## DATA:
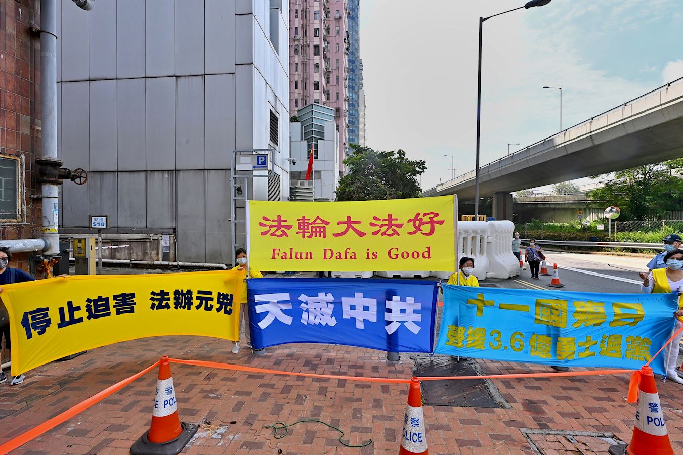 今年十月一日,中共与香港政府如临大敌,在全港部署超过六千警察,截查市民。中联办前更是被水马围住,市民无法接近。在四人限聚令下,数名法轮功学员四人一组,由西区警署游行至中联办。在中联办门前,法轮功学员举起“法轮大法好”、“天灭中共”、“十一声援3.6亿勇士退党”的标语。
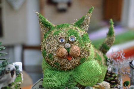 Funny cat made of felt. Christmas decoration. Christmas background.
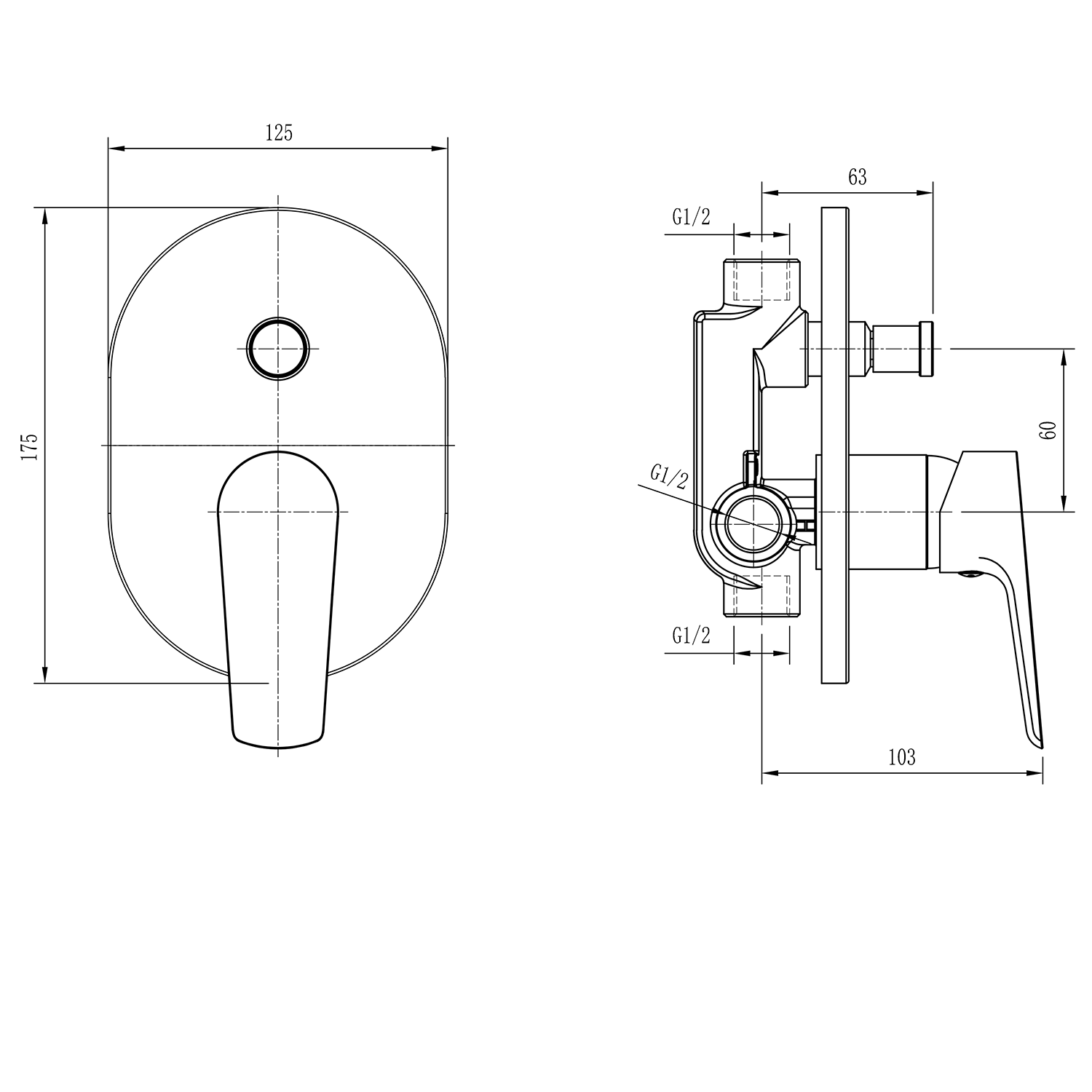 LT742B AQUALINE LOTTA falba süllyesztett zuhanycsaptelep, 2-irányú, fekete
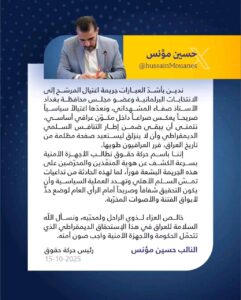 أدان النائب حسين مؤنس، رئيس حركة حقوق، حادثة اغتيال المرشح لانتخابات مجلس النواب وعضو مجلس محافظة بغداد صفاء المشهداني، واصفاً إياها بأنها “اغتيال سياسي صريح” يعكس تصاعد الصراع داخل المكوّن السني.
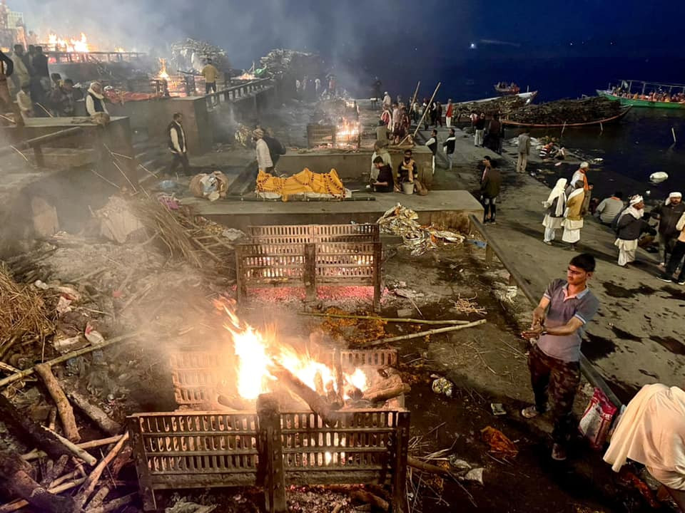 Sau đó, người ta khiêng xác ra sông, gột rửa bằng nước sông Hằng và bôi một loại dầu để giảm bớt mùi khi đốt. Tiếp đến, nghi thức hỏa táng được tiến hành ngay tại Manikarnika Ghat.
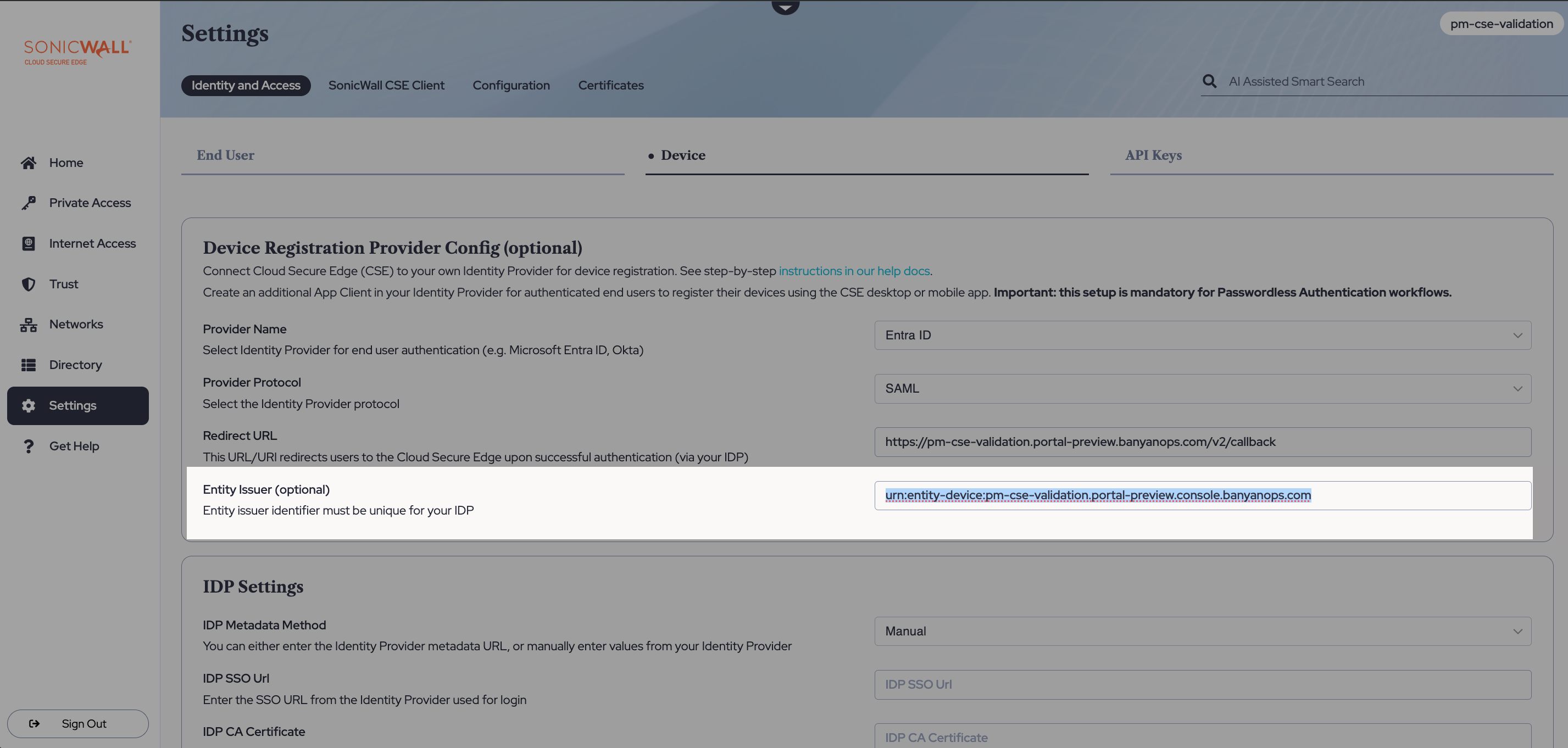 3.7 Back in the Cloud Secure Edge Command Center (under Settings > Identity and Access > Device, with Entra ID selected as the Provider Name and SAML selected as the Provider Protocol), copy the Entity Issuer.
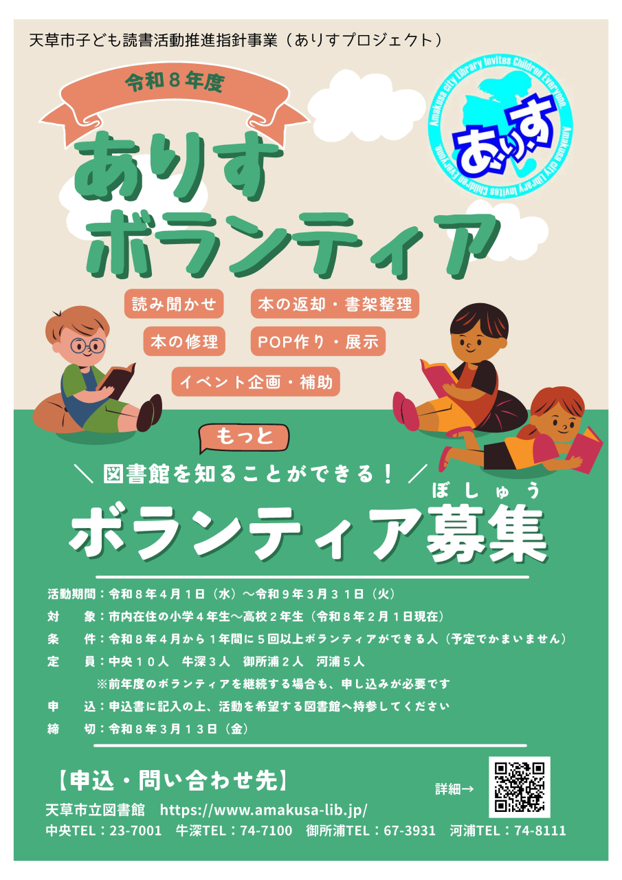 募集人数:中央図書館・・・10人 牛深図書館・・・3人 御所浦図書館・・・2人 河浦図書館・・・5人
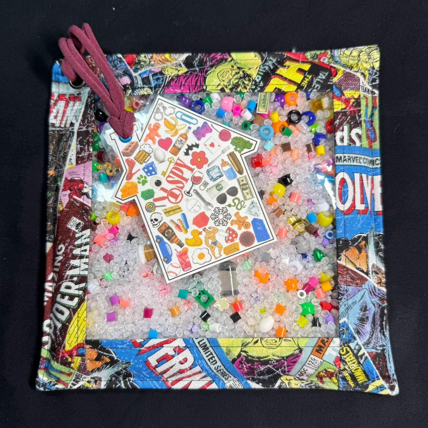 The real magic of the iSpy bag lies in the challenge it presents. Tucked within the treasure trove of objects are specific items for the seeker to find. These items may include anything from a tiny silver spoon to a miniature rubber ducky. The seeker's task is to search through the bag, visually exploring every nook and cranny until they locate all the hidden treasures. Attached is a house shaped bookmark including both pictures and a word list to see what items can be found. The bookmark is laminated to allow use of a dry erase marker to mark what has been found. Simply wipe off when done and play again!
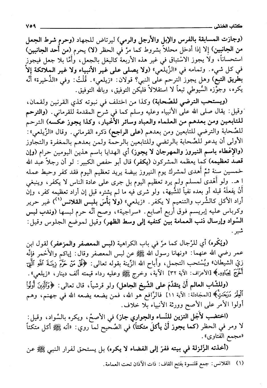 سراجية، وصح أنه حرم لبسها (وندب لبس السواد وإرسال ذنب العمامة بين كتفيه إلى وسط الظهر) وقيل لموضع الجلوس وقيل: شبر.
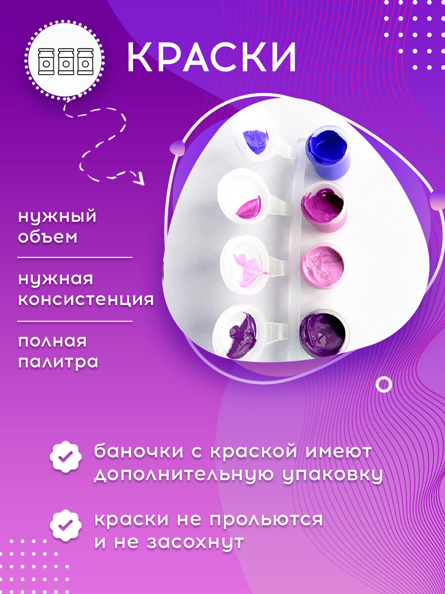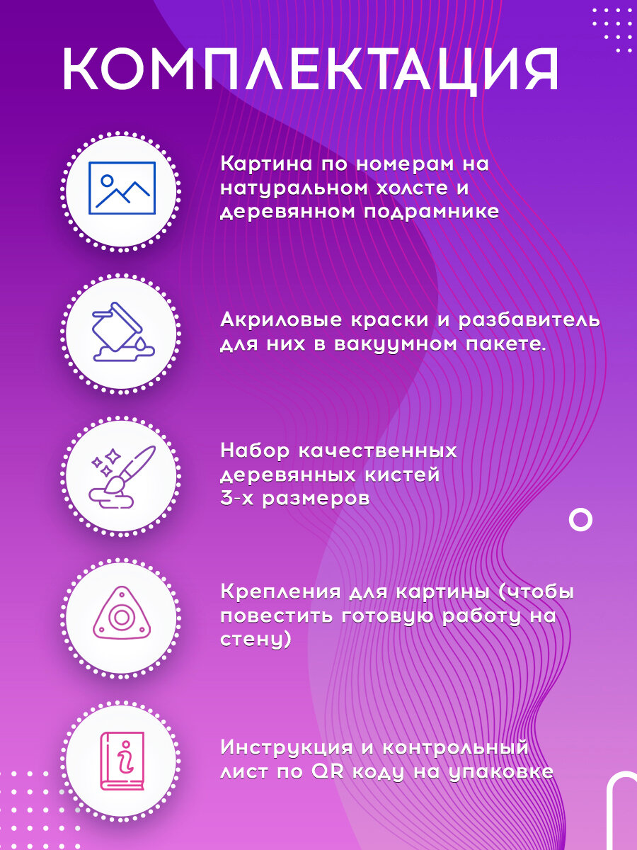 | Комплектация | Кисть (3 шт.);Набор красок;Настенное крепление для картины;Раскраска |
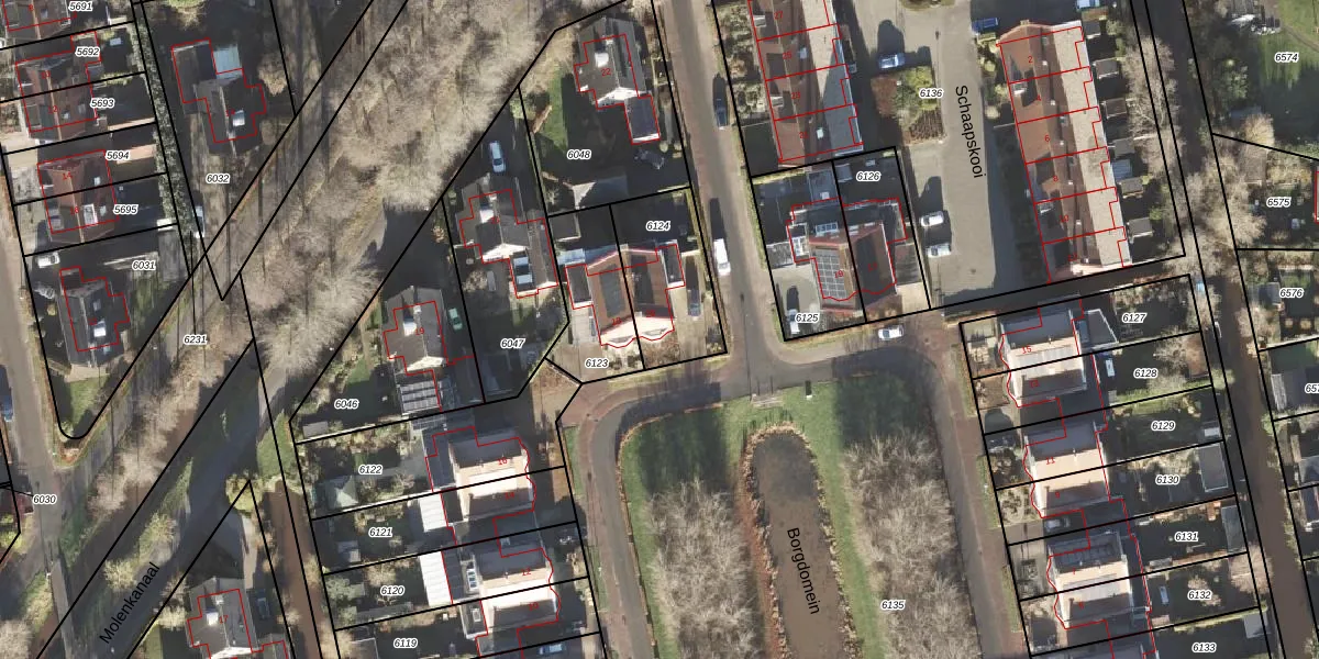 Borgdomein 20 is gelegen op kadastraal perceel LEE01H6124. Deze kadastrale aanduiding is uniek en wordt gebruikt door het Kadaster om eigendomsrechten en andere zakelijke rechten vast te leggen. Het perceel maakt onderdeel uit van de kadastrale gemeente Leek.
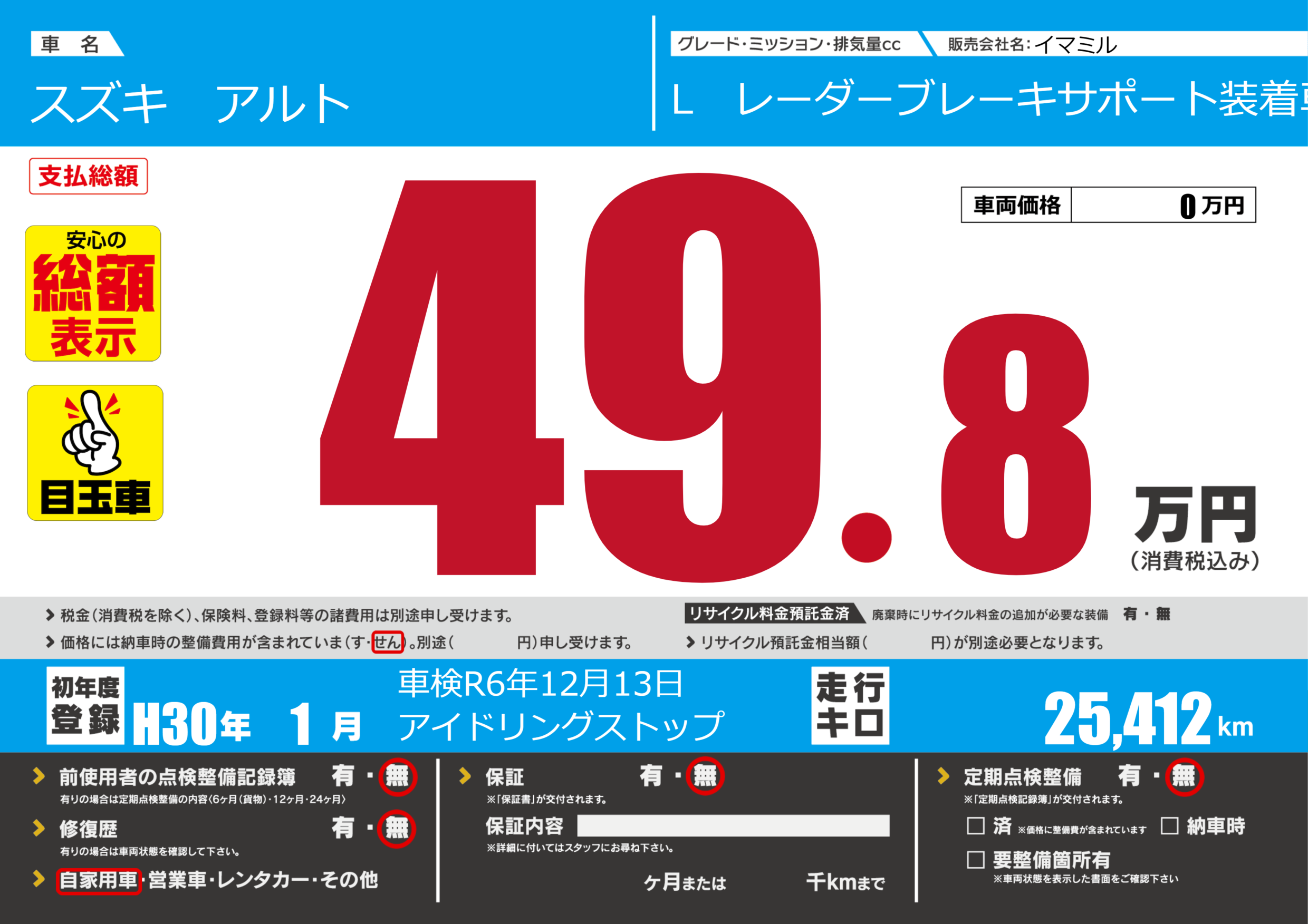 | 定期点検整備 | 定期点検整備なし | ||
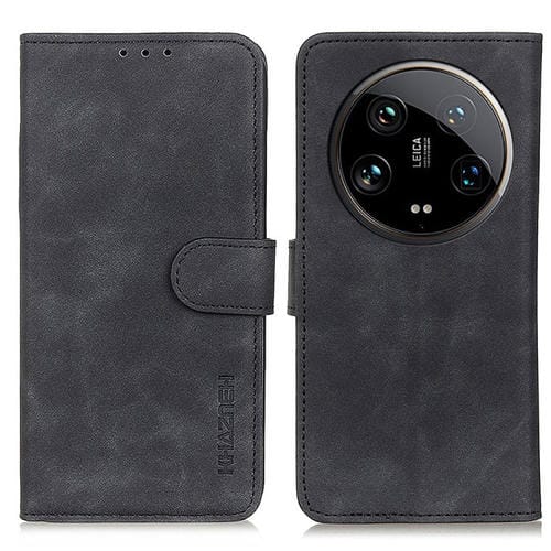 Para Xiaomi 14 Ultra Khazneh Funda De Teléfono De Cuero Con Tapa Con Textura Retro (Negro)
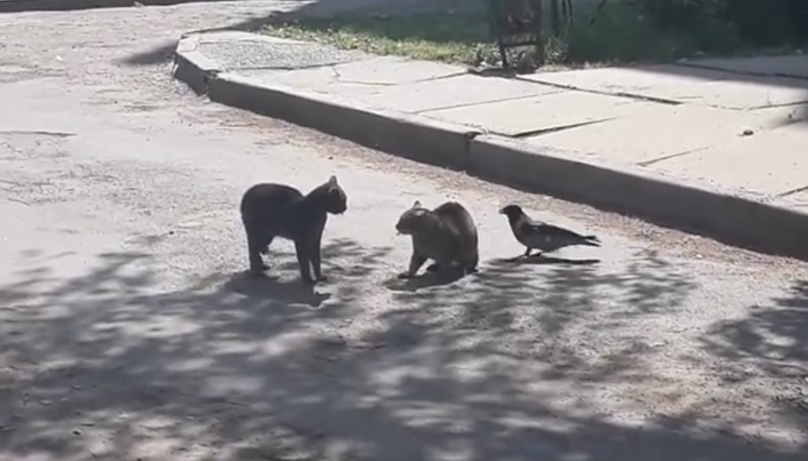 烏鴉試圖清除兩隻貓在索利戈爾斯克白俄羅斯附近戰鬥. 雖然貓在道路中間面對面, 烏鴉試圖掐自己的尾巴.
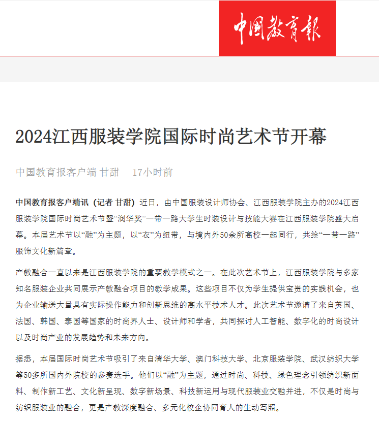 近日,由中国服装设计师协会、江西服装学院主办的2024江西服装学院国际时尚艺术节暨“润华奖”一带一路大学生时装设计与技能大赛在江西服装学院盛大启幕。本届艺术节以“融”为主题,以“衣”为纽带,与境内外50余所高校一起同行,共绘“一带一路”服饰文化新篇章。
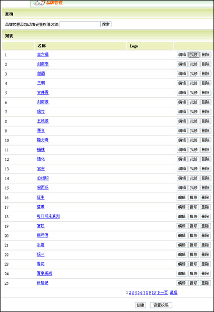 點(diǎn)“品牌管理”,進(jìn)入以下界面。所有品牌統(tǒng)一在一個(gè)列表中出現(xiàn)。用戶可以從上面的“查詢”中輸入所要查詢的品牌,點(diǎn)搜索即可查出該品牌。
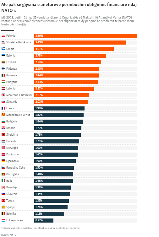 Sipas vlerësimeve të NATO-s nga korriku i vitit të kaluar, 11 vende anëtare pritej ta arrinin synimin e 2 përqindëshit më 2023. Ato ishin: Polonia, Shtetet e Bashkuara, Greqia, Estonia, Lituania, Finlanda, Rumania, Hungaria, Letonia, Britani e Madhe dhe Sllovakia.

## TO DO:
Each entry should be output word for word, with no pictures carried over.

## ANSWER TO THIS EXERCISE:
 今年十月一日,中共与香港政府如临大敌,在全港部署超过六千警察,截查市民。中联办前更是被水马围住,市民无法接近。在四人限聚令下,数名法轮功学员四人一组,由西区警署游行至中联办。在中联办门前,法轮功学员举起“法轮大法好”、“天灭中共”、“十一声援3.6亿勇士退党”的标语。
 Funny cat made of felt. Christmas decoration. Christmas background.
 LT742B AQUALINE LOTTA falba süllyesztett zuhanycsaptelep, 2-irányú, fekete
 أدان النائب حسين مؤنس، رئيس حركة حقوق، حادثة اغتيال المرشح لانتخابات مجلس النواب وعضو مجلس محافظة بغداد صفاء المشهداني، واصفاً إياها بأنها “اغتيال سياسي صريح” يعكس تصاعد الصراع داخل المكوّن السني.
 Sau đó, người ta khiêng xác ra sông, gột rửa bằng nước sông Hằng và bôi một loại dầu để giảm bớt mùi khi đốt. Tiếp đến, nghi thức hỏa táng được tiến hành ngay tại Manikarnika Ghat.
 3.7 Back in the Cloud Secure Edge Command Center (under Settings > Identity and Access > Device, with Entra ID selected as the Provider Name and SAML selected as the Provider Protocol), copy the Entity Issuer.
 募集人数:中央図書館・・・10人 牛深図書館・・・3人 御所浦図書館・・・2人 河浦図書館・・・5人
 The real magic of the iSpy bag lies in the challenge it presents. Tucked within the treasure trove of objects are specific items for the seeker to find. These items may include anything from a tiny silver spoon to a miniature rubber ducky. The seeker's task is to search through the bag, visually exploring every nook and cranny until they locate all the hidden treasures. Attached is a house shaped bookmark including both pictures and a word list to see what items can be found. The bookmark is laminated to allow use of a dry erase marker to mark what has been found. Simply wipe off when done and play again!
 سراجية، وصح أنه حرم لبسها (وندب لبس السواد وإرسال ذنب العمامة بين كتفيه إلى وسط الظهر) وقيل لموضع الجلوس وقيل: شبر.
 | Комплектация | Кисть (3 шт.);Набор красок;Настенное крепление для картины;Раскраска |
 Borgdomein 20 is gelegen op kadastraal perceel LEE01H6124. Deze kadastrale aanduiding is uniek en wordt gebruikt door het Kadaster om eigendomsrechten en andere zakelijke rechten vast te leggen. Het perceel maakt onderdeel uit van de kadastrale gemeente Leek.
 | 定期点検整備 | 定期点検整備なし | ||
 Para Xiaomi 14 Ultra Khazneh Funda De Teléfono De Cuero Con Tapa Con Textura Retro (Negro)
 烏鴉試圖清除兩隻貓在索利戈爾斯克白俄羅斯附近戰鬥. 雖然貓在道路中間面對面, 烏鴉試圖掐自己的尾巴.
 近日,由中国服装设计师协会、江西服装学院主办的2024江西服装学院国际时尚艺术节暨“润华奖”一带一路大学生时装设计与技能大赛在江西服装学院盛大启幕。本届艺术节以“融”为主题,以“衣”为纽带,与境内外50余所高校一起同行,共绘“一带一路”服饰文化新篇章。
 點(diǎn)“品牌管理”,進(jìn)入以下界面。所有品牌統(tǒng)一在一個(gè)列表中出現(xiàn)。用戶可以從上面的“查詢”中輸入所要查詢的品牌,點(diǎn)搜索即可查出該品牌。
 Sipas vlerësimeve të NATO-s nga korriku i vitit të kaluar, 11 vende anëtare pritej ta arrinin synimin e 2 përqindëshit më 2023. Ato ishin: Polonia, Shtetet e Bashkuara, Greqia, Estonia, Lituania, Finlanda, Rumania, Hungaria, Letonia, Britani e Madhe dhe Sllovakia.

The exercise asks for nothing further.